The cloud™ has been represented on our network diagrams since the beginning of time. What does a cloud signify? One or many unknown networks outside of our control. This could be the internet or a VPN provider but the fact that it's a cloud is significant in that we can't see what goes on there, and we can't fix it from here. In essence, the cloud is a blind trust in a service provider's ability to continue to provide service... As you might imagine, we in the IT department try to not draw too many clouds in our diagrams because of the blind trust the represent... If the internet goes down, the network continues to work, a VPN provider goes down, email to the Paris office goes in the queue until we get VPN back. These are minor inconveniences compared to not being able to access our MRP/ERP, telephones, or documents and email... All of which could exist in the cloud.
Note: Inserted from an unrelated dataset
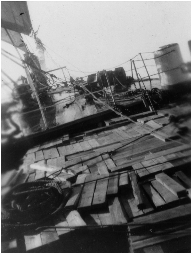
Abb. 3 Holz, bei Sturm eine gefährliche Ladung.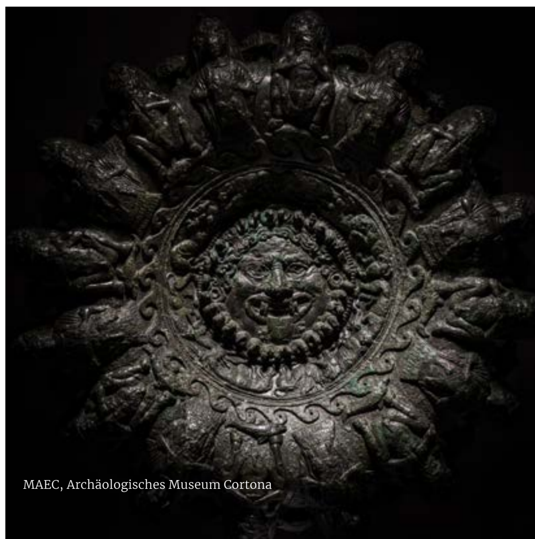
MAEC, Archäologisches Museum Cortona

But that wouldn't bother me much.... Because I'd be at home not working to fix a network that exists in China or India.

Speaking of India, some of them are really quite adept in their ability to sell customer's credit card information, imagine what they could do with the secret Colonel Sanders recipe... But @ pennies on the dollar, you get what you pay for so I can't say I blame them. 

And to mis-quote another old adage 'Microsoft giveth, and Microsoft taketh away'. I don't mind I have Linux to fall back on. I just won't be 'selling' my job to India and China for them, but I've already mentioned my distaste for the cloud before so I will not continue to ramble on.